--- AVAILABLE RECORDS ---
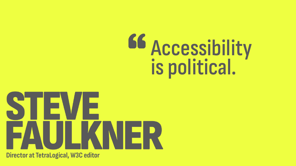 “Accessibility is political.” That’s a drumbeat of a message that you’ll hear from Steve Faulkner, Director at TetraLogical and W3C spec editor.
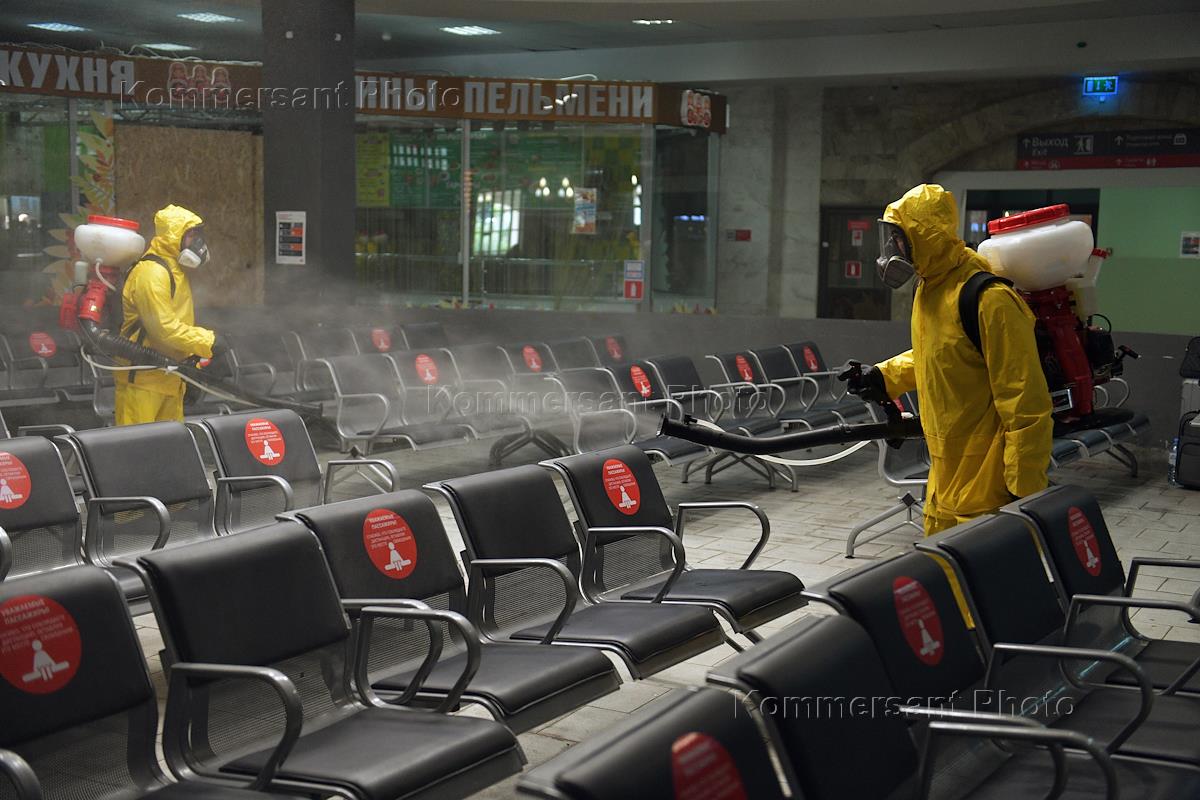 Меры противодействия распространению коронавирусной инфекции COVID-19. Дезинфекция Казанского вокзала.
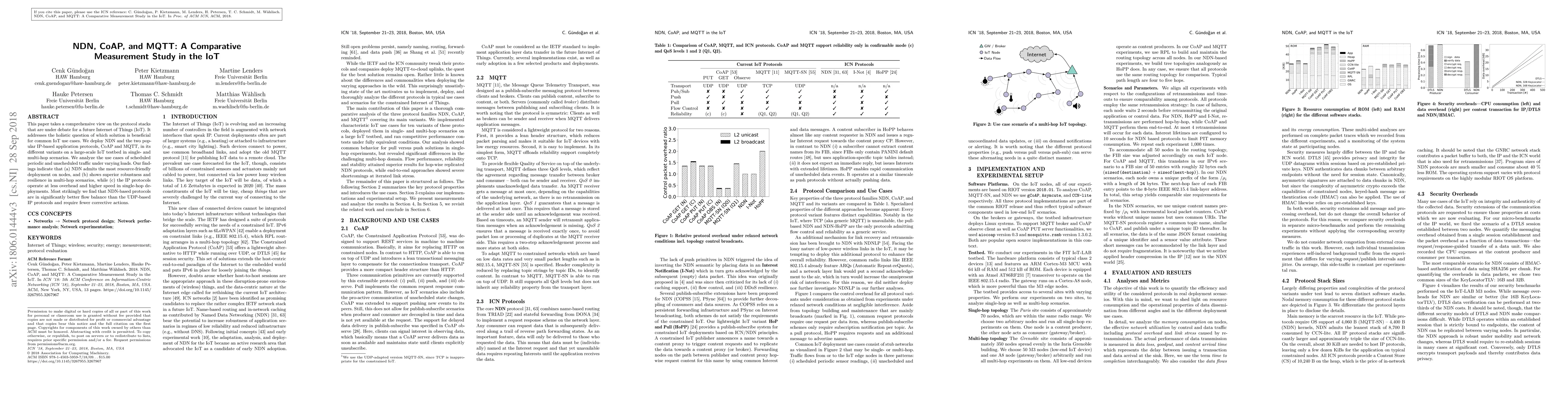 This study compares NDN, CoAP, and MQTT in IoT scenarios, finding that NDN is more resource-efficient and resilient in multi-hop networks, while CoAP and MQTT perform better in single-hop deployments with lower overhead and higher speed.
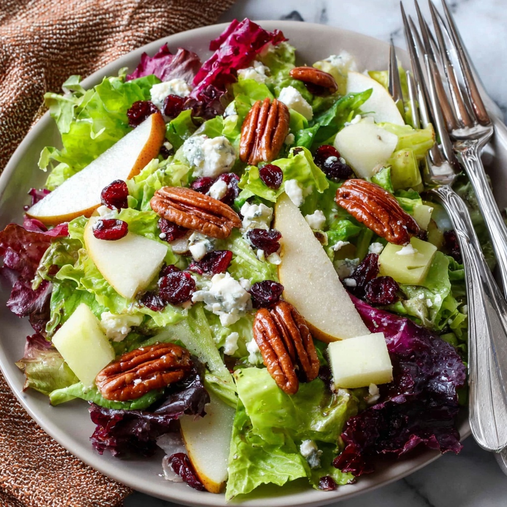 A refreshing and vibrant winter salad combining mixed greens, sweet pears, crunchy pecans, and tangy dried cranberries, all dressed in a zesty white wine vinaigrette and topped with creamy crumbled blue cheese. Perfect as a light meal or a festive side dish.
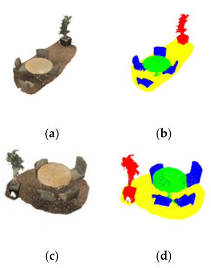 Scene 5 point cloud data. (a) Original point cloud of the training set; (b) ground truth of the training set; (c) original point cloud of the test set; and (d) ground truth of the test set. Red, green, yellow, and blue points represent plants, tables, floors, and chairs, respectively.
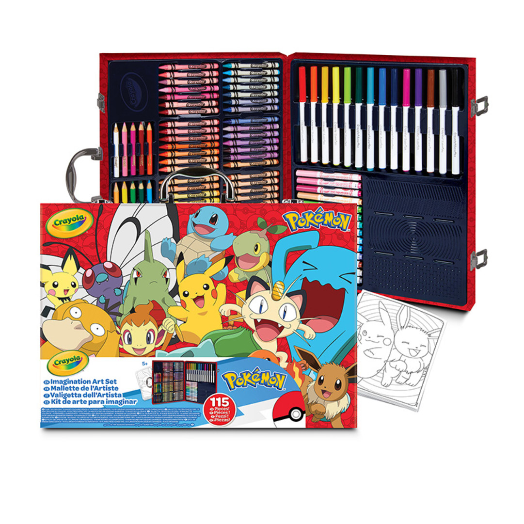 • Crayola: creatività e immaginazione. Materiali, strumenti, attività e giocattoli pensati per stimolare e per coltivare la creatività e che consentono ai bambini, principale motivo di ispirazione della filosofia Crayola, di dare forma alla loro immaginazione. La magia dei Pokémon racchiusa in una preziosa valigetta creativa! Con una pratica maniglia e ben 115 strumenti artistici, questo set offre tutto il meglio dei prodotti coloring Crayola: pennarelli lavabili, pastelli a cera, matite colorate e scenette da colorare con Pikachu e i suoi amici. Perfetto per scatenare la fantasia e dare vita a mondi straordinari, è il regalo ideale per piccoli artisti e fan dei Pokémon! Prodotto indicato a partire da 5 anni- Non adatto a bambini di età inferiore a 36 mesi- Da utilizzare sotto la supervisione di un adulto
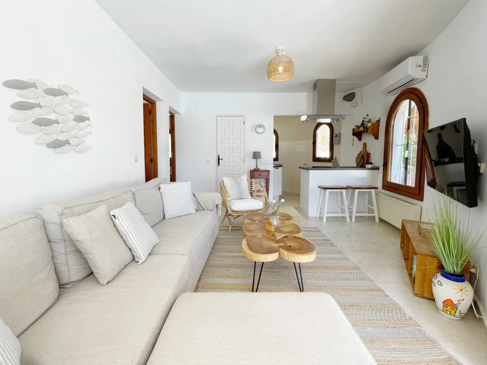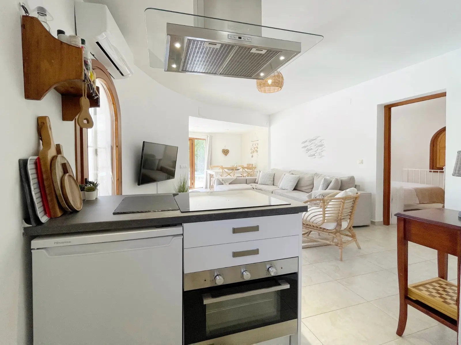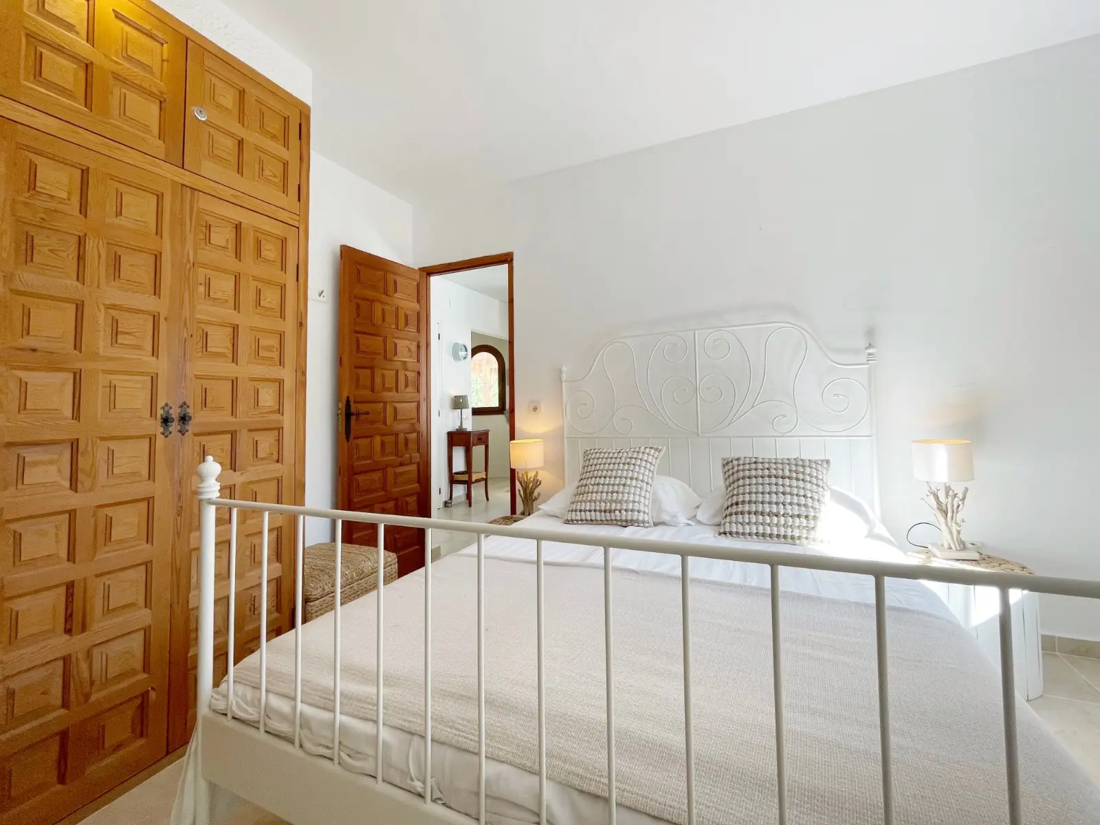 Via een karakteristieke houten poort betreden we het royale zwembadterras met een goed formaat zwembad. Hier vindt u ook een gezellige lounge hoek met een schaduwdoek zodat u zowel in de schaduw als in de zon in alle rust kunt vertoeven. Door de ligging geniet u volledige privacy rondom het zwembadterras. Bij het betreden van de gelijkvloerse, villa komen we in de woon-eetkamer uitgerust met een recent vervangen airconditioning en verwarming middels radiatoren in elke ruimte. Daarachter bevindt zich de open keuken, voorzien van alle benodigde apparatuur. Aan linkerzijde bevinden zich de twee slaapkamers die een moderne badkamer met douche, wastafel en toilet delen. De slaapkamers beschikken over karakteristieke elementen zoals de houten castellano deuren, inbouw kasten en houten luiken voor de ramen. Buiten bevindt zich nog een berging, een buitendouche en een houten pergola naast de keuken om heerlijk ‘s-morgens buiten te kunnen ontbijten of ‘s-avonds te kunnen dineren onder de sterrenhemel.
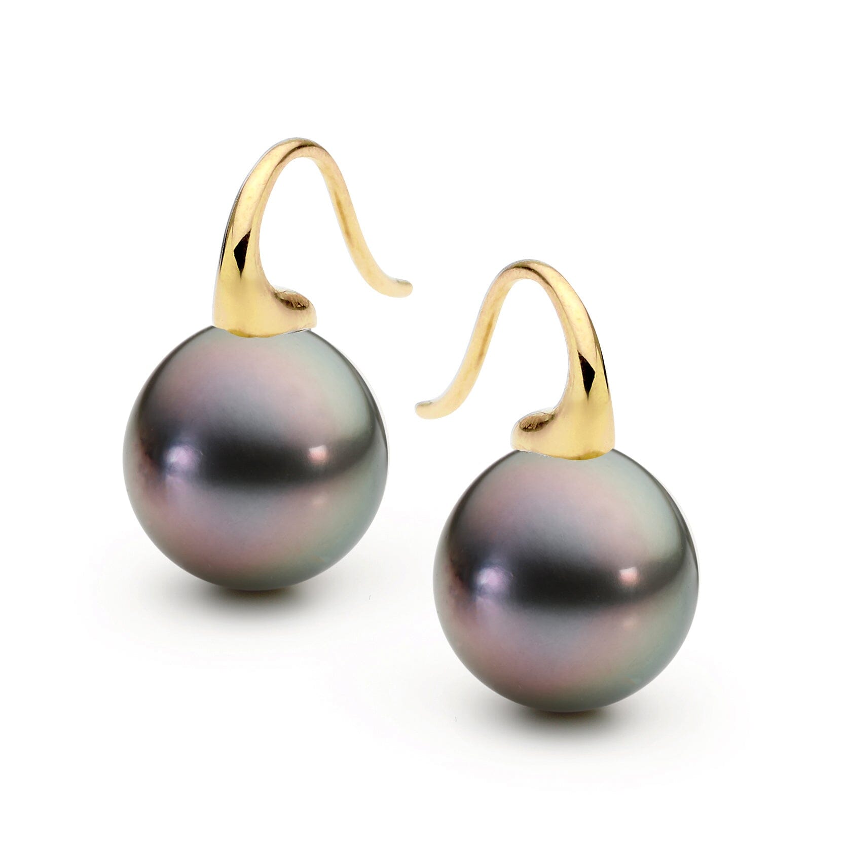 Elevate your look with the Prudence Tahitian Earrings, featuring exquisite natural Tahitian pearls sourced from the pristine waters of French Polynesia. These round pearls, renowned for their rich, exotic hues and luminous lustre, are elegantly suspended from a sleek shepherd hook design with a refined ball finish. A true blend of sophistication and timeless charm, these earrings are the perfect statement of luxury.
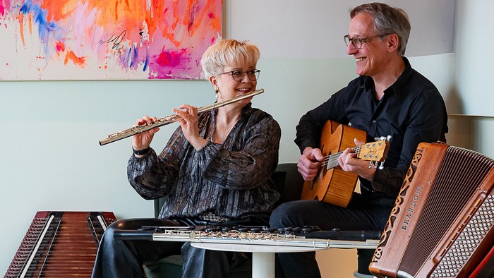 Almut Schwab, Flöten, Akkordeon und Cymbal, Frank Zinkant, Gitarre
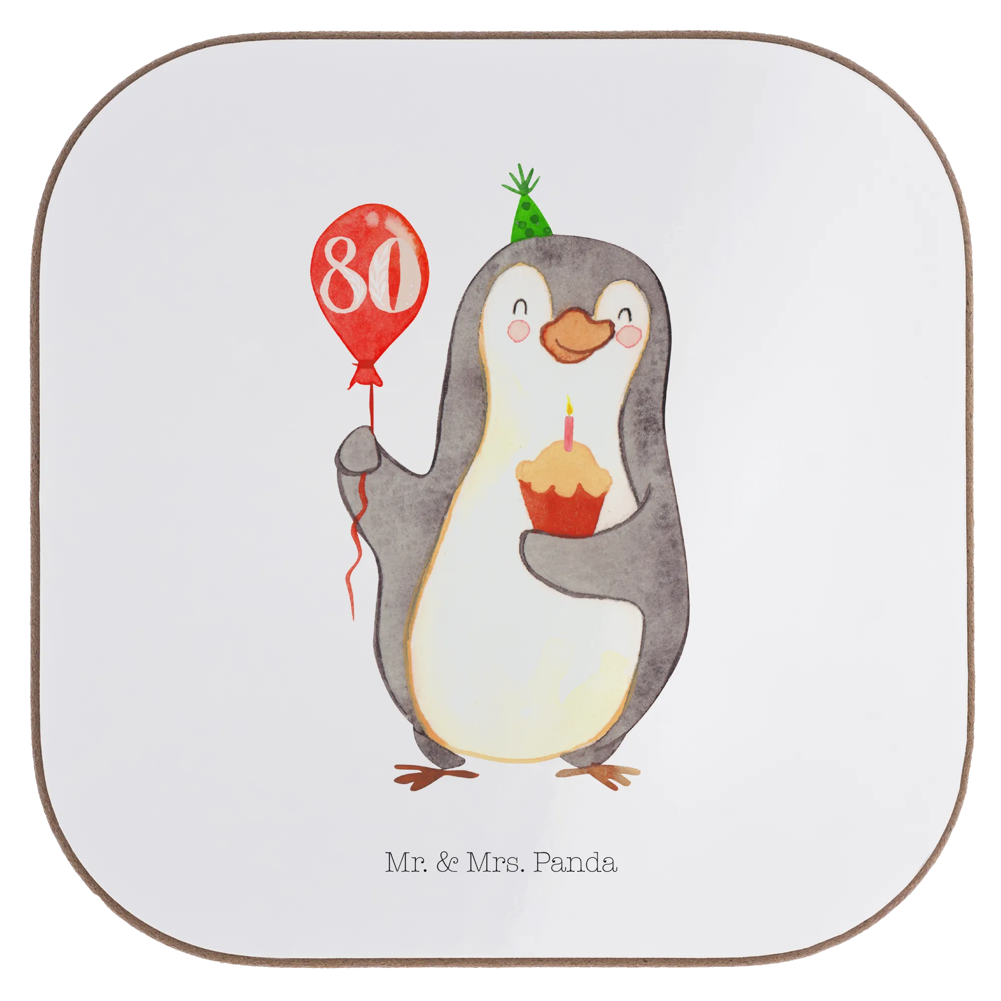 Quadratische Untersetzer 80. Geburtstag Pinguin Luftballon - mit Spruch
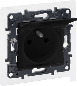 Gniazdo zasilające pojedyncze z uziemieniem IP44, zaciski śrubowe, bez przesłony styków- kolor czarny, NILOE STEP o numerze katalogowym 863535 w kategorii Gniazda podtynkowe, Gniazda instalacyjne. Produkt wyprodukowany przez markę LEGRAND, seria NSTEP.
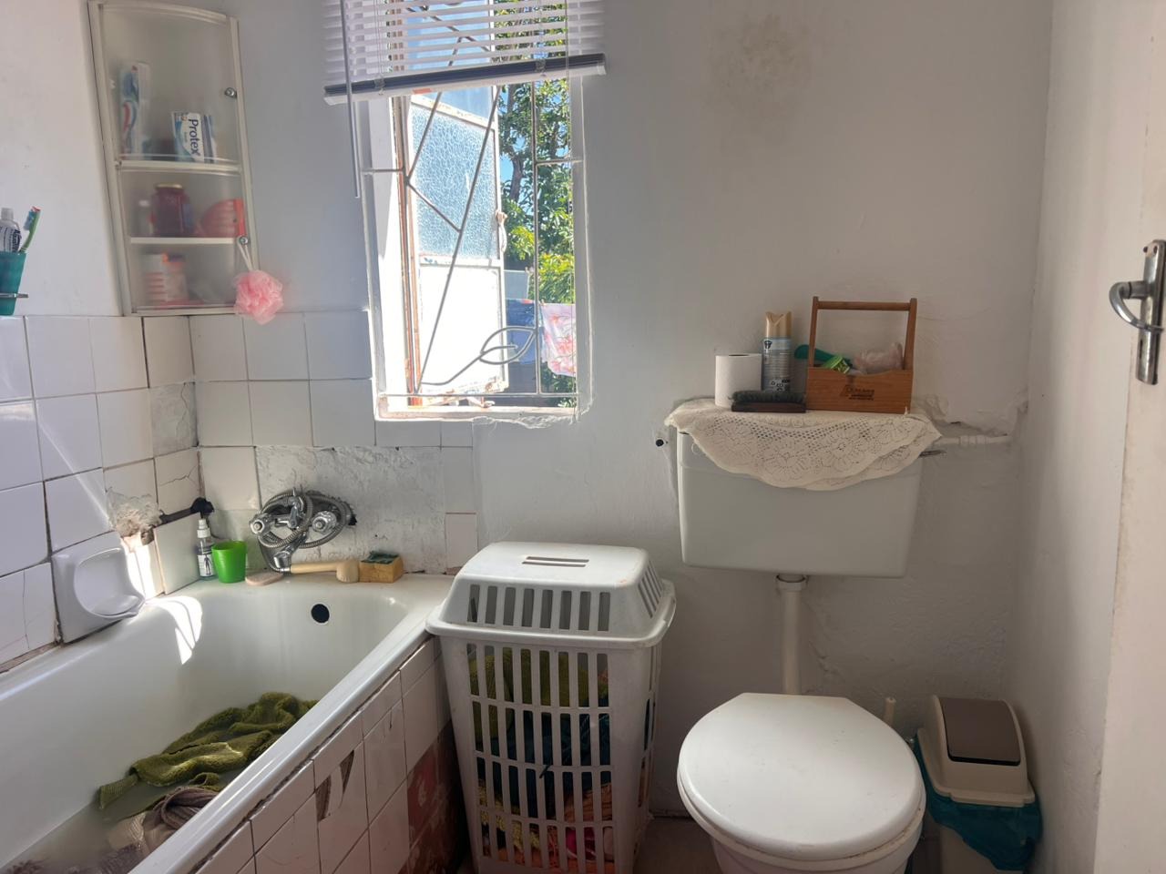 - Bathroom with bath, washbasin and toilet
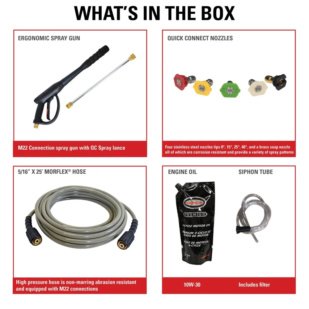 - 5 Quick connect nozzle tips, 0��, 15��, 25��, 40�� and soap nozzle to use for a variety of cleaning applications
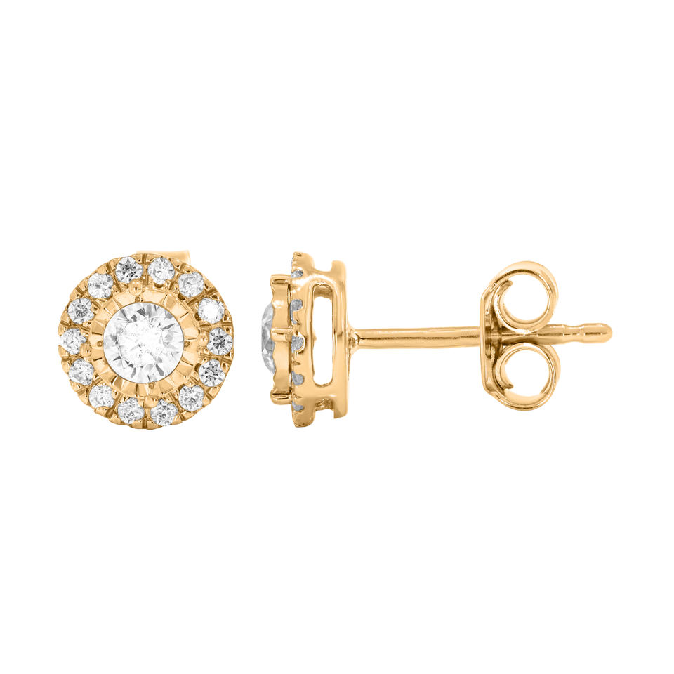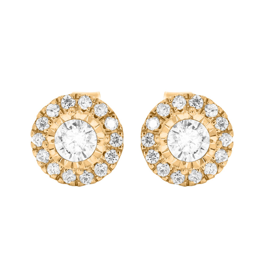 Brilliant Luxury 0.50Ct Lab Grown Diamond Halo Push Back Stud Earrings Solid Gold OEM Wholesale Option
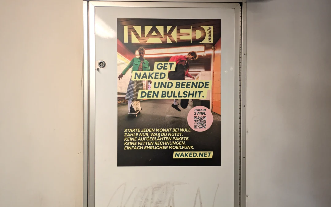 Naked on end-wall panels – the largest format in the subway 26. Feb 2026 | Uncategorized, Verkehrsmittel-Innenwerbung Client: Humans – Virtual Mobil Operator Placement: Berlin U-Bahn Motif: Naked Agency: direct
---
:: THE PROBLEM ::
Print again, word for word, every line from the line with "Brilliant Luxury 0.50Ct" to the final line of the records, inclusive; skip the pictures.

:: ANSWER FOR THIS EXERCISE ::
 Brilliant Luxury 0.50Ct Lab Grown Diamond Halo Push Back Stud Earrings Solid Gold OEM Wholesale Option
 Naked on end-wall panels – the largest format in the subway 26. Feb 2026 | Uncategorized, Verkehrsmittel-Innenwerbung Client: Humans – Virtual Mobil Operator Placement: Berlin U-Bahn Motif: Naked Agency: direct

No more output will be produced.